• _How to complete this task_
The data that follows must be transcribed in full and exactly, minus the pictures.

|---|

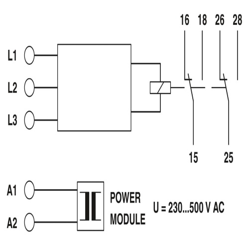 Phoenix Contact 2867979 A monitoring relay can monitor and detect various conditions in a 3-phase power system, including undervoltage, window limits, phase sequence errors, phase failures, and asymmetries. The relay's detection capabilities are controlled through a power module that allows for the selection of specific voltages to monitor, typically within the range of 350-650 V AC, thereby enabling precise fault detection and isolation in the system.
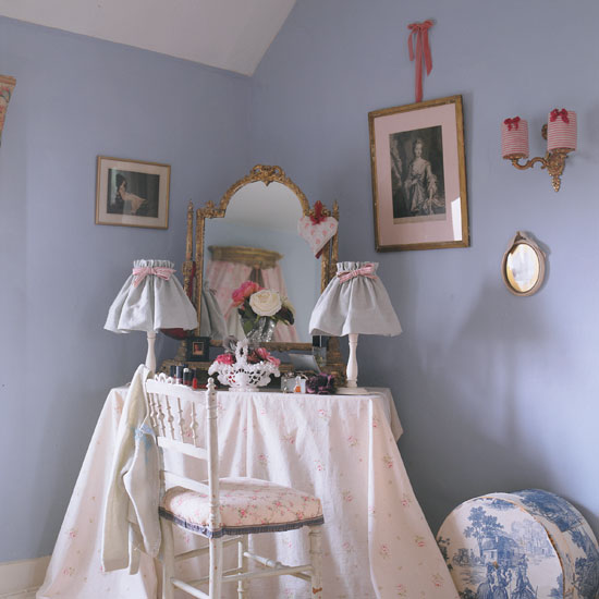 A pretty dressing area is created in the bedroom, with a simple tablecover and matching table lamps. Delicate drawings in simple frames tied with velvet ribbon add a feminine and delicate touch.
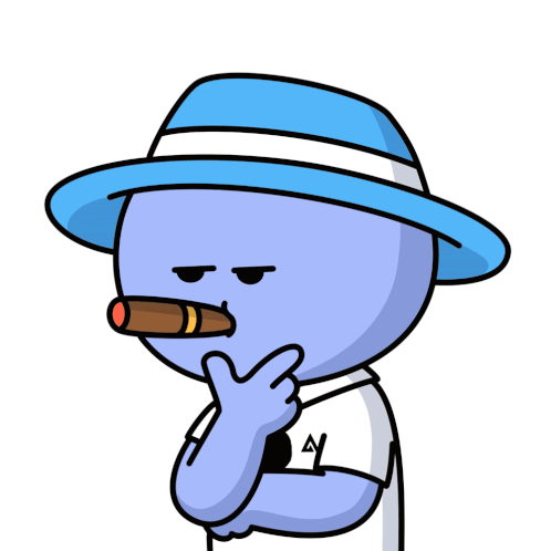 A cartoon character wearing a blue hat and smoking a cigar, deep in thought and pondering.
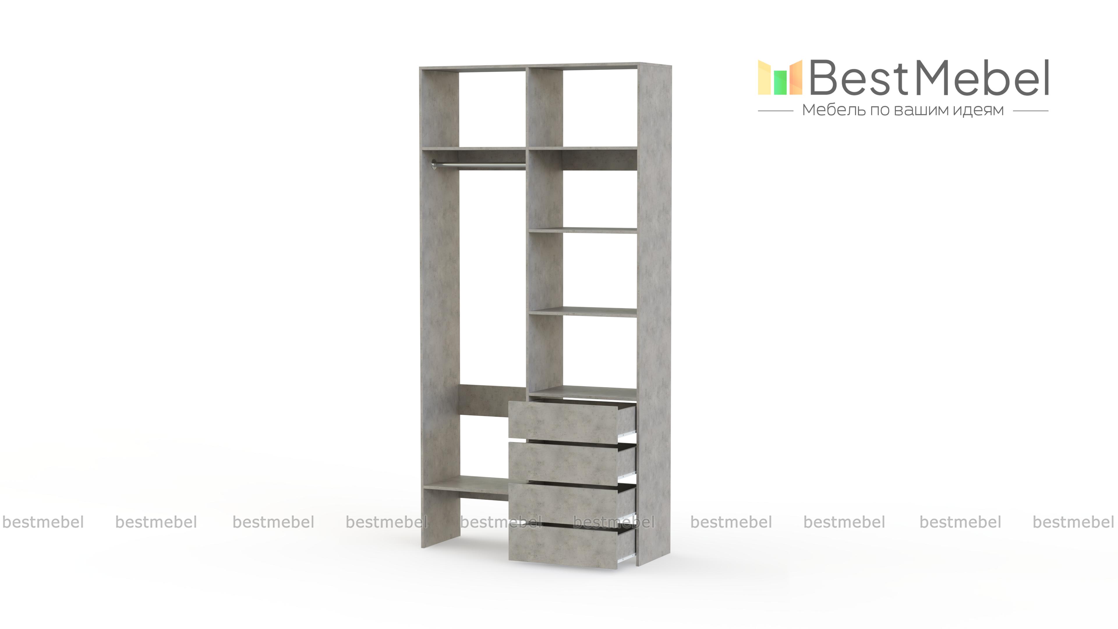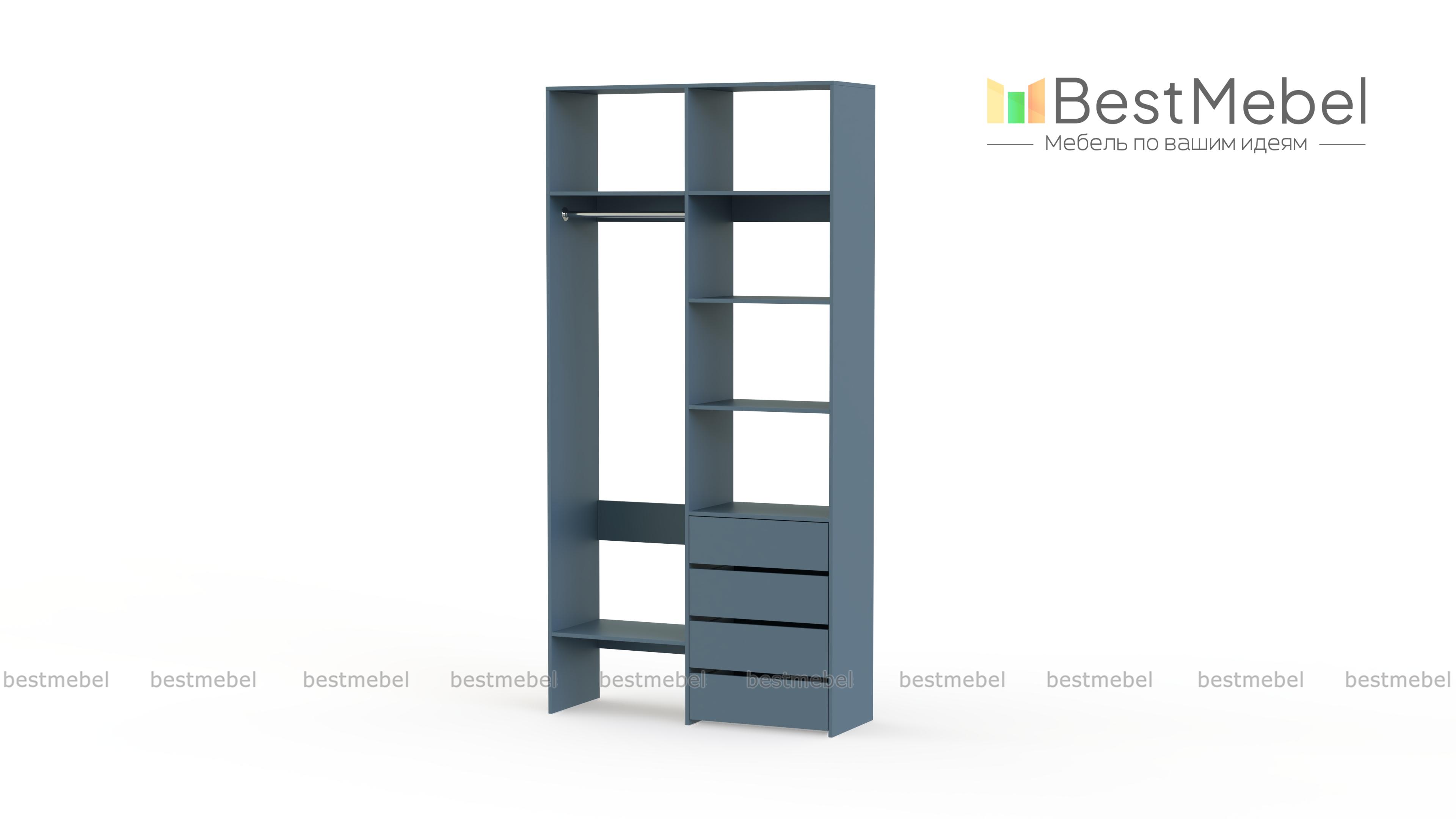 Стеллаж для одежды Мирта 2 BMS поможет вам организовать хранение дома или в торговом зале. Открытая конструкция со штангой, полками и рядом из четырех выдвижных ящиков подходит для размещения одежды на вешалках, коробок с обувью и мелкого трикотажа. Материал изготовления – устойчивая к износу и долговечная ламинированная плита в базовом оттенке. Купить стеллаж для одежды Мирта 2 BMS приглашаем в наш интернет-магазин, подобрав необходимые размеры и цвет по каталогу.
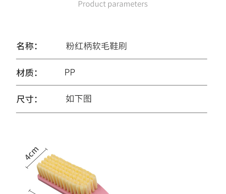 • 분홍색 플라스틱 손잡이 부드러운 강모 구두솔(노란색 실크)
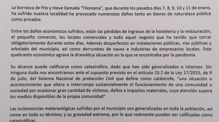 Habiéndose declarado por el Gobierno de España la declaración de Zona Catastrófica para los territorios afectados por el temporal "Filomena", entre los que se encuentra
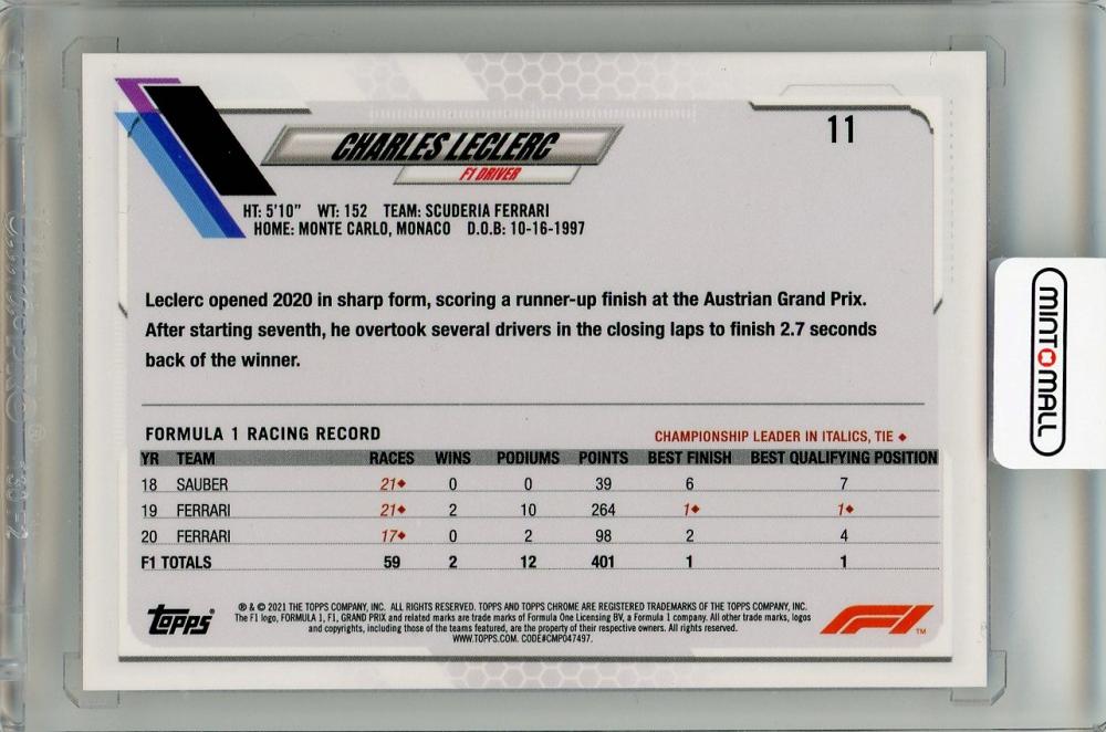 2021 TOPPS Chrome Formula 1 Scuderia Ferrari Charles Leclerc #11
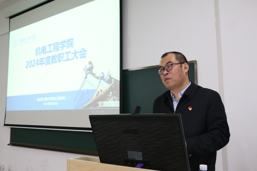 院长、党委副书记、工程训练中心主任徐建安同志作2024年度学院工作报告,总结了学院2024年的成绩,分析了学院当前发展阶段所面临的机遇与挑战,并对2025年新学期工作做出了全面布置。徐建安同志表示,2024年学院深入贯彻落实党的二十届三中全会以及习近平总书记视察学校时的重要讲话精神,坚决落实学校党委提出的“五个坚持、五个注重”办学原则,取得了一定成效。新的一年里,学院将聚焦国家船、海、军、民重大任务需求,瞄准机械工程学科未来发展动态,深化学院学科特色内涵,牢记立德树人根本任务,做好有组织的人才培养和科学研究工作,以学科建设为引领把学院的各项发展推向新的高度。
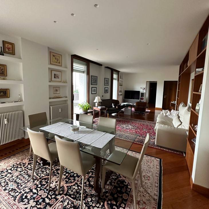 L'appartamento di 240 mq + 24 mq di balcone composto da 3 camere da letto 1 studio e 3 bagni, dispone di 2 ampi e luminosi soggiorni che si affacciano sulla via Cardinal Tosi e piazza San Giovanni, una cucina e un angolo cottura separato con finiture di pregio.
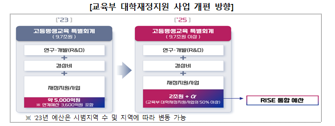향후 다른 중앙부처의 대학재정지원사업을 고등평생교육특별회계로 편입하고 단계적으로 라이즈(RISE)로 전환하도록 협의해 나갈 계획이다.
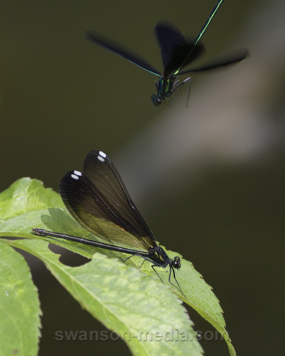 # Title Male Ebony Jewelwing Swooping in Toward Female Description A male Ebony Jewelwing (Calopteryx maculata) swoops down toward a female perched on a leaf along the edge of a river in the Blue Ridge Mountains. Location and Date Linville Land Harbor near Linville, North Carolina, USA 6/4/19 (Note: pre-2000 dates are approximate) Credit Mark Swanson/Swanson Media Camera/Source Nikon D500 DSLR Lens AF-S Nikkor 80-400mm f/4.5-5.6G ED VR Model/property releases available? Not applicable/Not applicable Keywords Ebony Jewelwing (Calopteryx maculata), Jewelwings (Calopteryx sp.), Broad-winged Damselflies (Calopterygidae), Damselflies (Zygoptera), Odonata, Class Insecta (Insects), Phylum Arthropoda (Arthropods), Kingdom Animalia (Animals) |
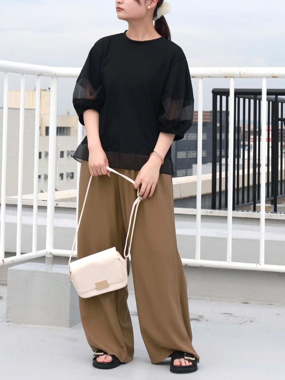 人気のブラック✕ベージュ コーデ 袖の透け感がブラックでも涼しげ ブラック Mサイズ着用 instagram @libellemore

|---|

• _Expected answer_
 Phoenix Contact 2867979 A monitoring relay can monitor and detect various conditions in a 3-phase power system, including undervoltage, window limits, phase sequence errors, phase failures, and asymmetries. The relay's detection capabilities are controlled through a power module that allows for the selection of specific voltages to monitor, typically within the range of 350-650 V AC, thereby enabling precise fault detection and isolation in the system.
 A pretty dressing area is created in the bedroom, with a simple tablecover and matching table lamps. Delicate drawings in simple frames tied with velvet ribbon add a feminine and delicate touch.
 A cartoon character wearing a blue hat and smoking a cigar, deep in thought and pondering.
 Стеллаж для одежды Мирта 2 BMS поможет вам организовать хранение дома или в торговом зале. Открытая конструкция со штангой, полками и рядом из четырех выдвижных ящиков подходит для размещения одежды на вешалках, коробок с обувью и мелкого трикотажа. Материал изготовления – устойчивая к износу и долговечная ламинированная плита в базовом оттенке. Купить стеллаж для одежды Мирта 2 BMS приглашаем в наш интернет-магазин, подобрав необходимые размеры и цвет по каталогу.
 • 분홍색 플라스틱 손잡이 부드러운 강모 구두솔(노란색 실크)
 Habiéndose declarado por el Gobierno de España la declaración de Zona Catastrófica para los territorios afectados por el temporal "Filomena", entre los que se encuentra
 2021 TOPPS Chrome Formula 1 Scuderia Ferrari Charles Leclerc #11
 院长、党委副书记、工程训练中心主任徐建安同志作2024年度学院工作报告,总结了学院2024年的成绩,分析了学院当前发展阶段所面临的机遇与挑战,并对2025年新学期工作做出了全面布置。徐建安同志表示,2024年学院深入贯彻落实党的二十届三中全会以及习近平总书记视察学校时的重要讲话精神,坚决落实学校党委提出的“五个坚持、五个注重”办学原则,取得了一定成效。新的一年里,学院将聚焦国家船、海、军、民重大任务需求,瞄准机械工程学科未来发展动态,深化学院学科特色内涵,牢记立德树人根本任务,做好有组织的人才培养和科学研究工作,以学科建设为引领把学院的各项发展推向新的高度。
 L'appartamento di 240 mq + 24 mq di balcone composto da 3 camere da letto 1 studio e 3 bagni, dispone di 2 ampi e luminosi soggiorni che si affacciano sulla via Cardinal Tosi e piazza San Giovanni, una cucina e un angolo cottura separato con finiture di pregio.
향후 다른 중앙부처의 대학재정지원사업을 고등평생교육특별회계로 편입하고 단계적으로 라이즈(RISE)로 전환하도록 협의해 나갈 계획이다.
 # Title Male Ebony Jewelwing Swooping in Toward Female Description A male Ebony Jewelwing (Calopteryx maculata) swoops down toward a female perched on a leaf along the edge of a river in the Blue Ridge Mountains. Location and Date Linville Land Harbor near Linville, North Carolina, USA 6/4/19 (Note: pre-2000 dates are approximate) Credit Mark Swanson/Swanson Media Camera/Source Nikon D500 DSLR Lens AF-S Nikkor 80-400mm f/4.5-5.6G ED VR Model/property releases available? Not applicable/Not applicable Keywords Ebony Jewelwing (Calopteryx maculata), Jewelwings (Calopteryx sp.), Broad-winged Damselflies (Calopterygidae), Damselflies (Zygoptera), Odonata, Class Insecta (Insects), Phylum Arthropoda (Arthropods), Kingdom Animalia (Animals) |
 人気のブラック✕ベージュ コーデ 袖の透け感がブラックでも涼しげ ブラック Mサイズ着用 instagram @libellemore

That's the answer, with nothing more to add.